Problem to solve - Please print the listing that follows word for word, but skip any pictures it holds.

(Beginning of Data provided)

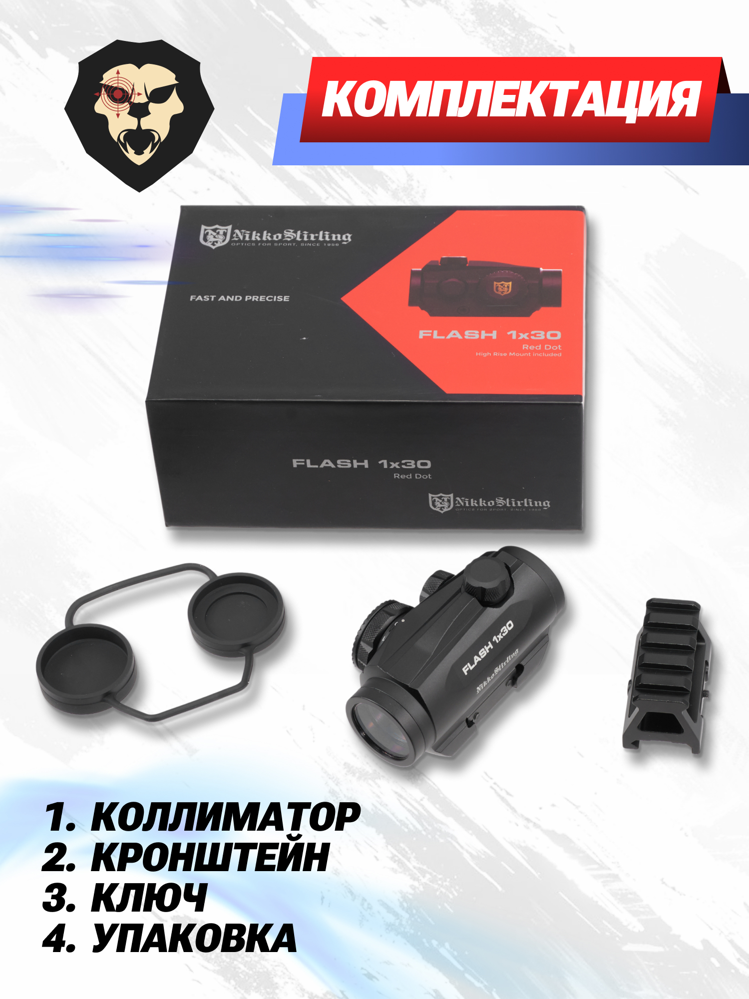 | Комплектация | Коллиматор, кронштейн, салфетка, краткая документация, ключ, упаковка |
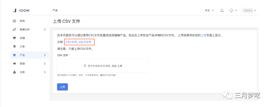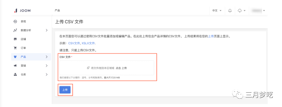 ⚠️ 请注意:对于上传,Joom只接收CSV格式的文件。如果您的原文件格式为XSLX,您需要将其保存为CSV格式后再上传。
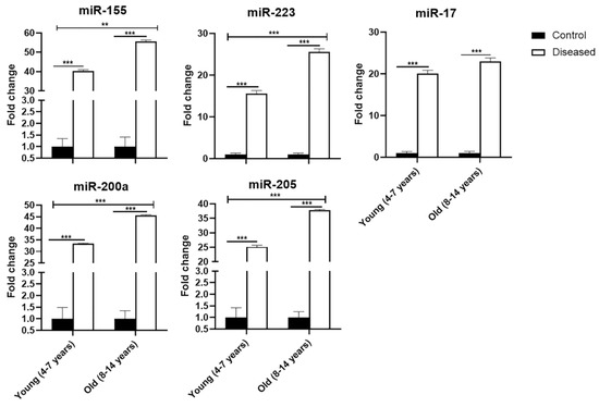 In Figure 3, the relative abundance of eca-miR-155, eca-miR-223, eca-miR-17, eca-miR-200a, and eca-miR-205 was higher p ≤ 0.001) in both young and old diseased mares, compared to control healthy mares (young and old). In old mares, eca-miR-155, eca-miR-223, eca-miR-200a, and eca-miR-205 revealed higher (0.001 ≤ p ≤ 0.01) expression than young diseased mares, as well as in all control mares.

(End of Data provided)

Output of the task -
 | Комплектация | Коллиматор, кронштейн, салфетка, краткая документация, ключ, упаковка |
 ⚠️ 请注意:对于上传,Joom只接收CSV格式的文件。如果您的原文件格式为XSLX,您需要将其保存为CSV格式后再上传。
 In Figure 3, the relative abundance of eca-miR-155, eca-miR-223, eca-miR-17, eca-miR-200a, and eca-miR-205 was higher p ≤ 0.001) in both young and old diseased mares, compared to control healthy mares (young and old). In old mares, eca-miR-155, eca-miR-223, eca-miR-200a, and eca-miR-205 revealed higher (0.001 ≤ p ≤ 0.01) expression than young diseased mares, as well as in all control mares.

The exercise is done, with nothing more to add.